There is another interesting threat I believe you've outlined quite well: an attacker crafts the contents of a website so that when processed by a thumbnail generator, the resulting image can cause arbitrary remote code execution on the end-user's device. While this attack sounds very interesting, and might be plausible, I would imagine that an attacker would be more interested in remote code execution on the Messenger platform. The thumbnail generating parser may be vulnerable to remote code execution on Messenger's servers. Even if the user does not engage the link/preview, the existence of this preview functionality increases the attack surface for malicious software. Should the thumbnail generating service be compromised, it follows that an attacker may then be able to provide arbitrary thumbnails, perhaps even arbitrary responses in the Messenger service. In other words, the presence of the feature puts Messenger at risk and therefore it puts end-users at risk.
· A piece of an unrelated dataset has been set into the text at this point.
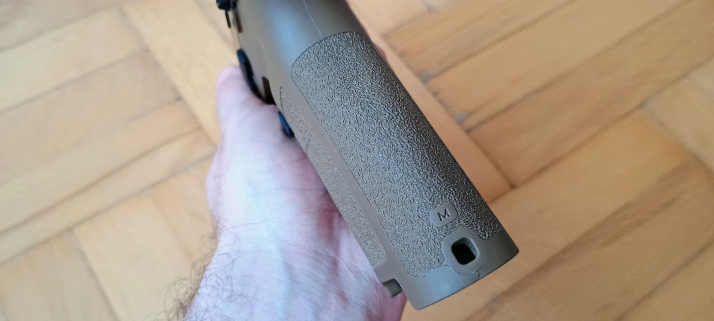 Hatalmas sátorvasat kaptunk, amely alatt megtalálható egy jókora alávágás, így magasan és szorosan tudunk a pisztolyra markolni. A sátorvas mérete miatt kissé útban van a pisztoly, főleg az előreívelő sarka miatt - szerintem a sátorvasnak jóval kisebbnek kellene lennie.

As for the possibility of fuzzing the thumbnail generator or causing the generator to pass remote code execution exploitation within the image served by Messenger? I can imagine that it is a possibility, but I'm not certain. It seems to me that this would be computationally intensive, require privileged information about the thumbnail generator, and is an attack that would be very easy to spot in the wild. If I were threat modelling for the security considerations of installing the Messenger app, this particular attack would be lower priority.

  • Great answer. Keep in mind to get nice paragraphs you need to add two line breaks, else the system won't do anything.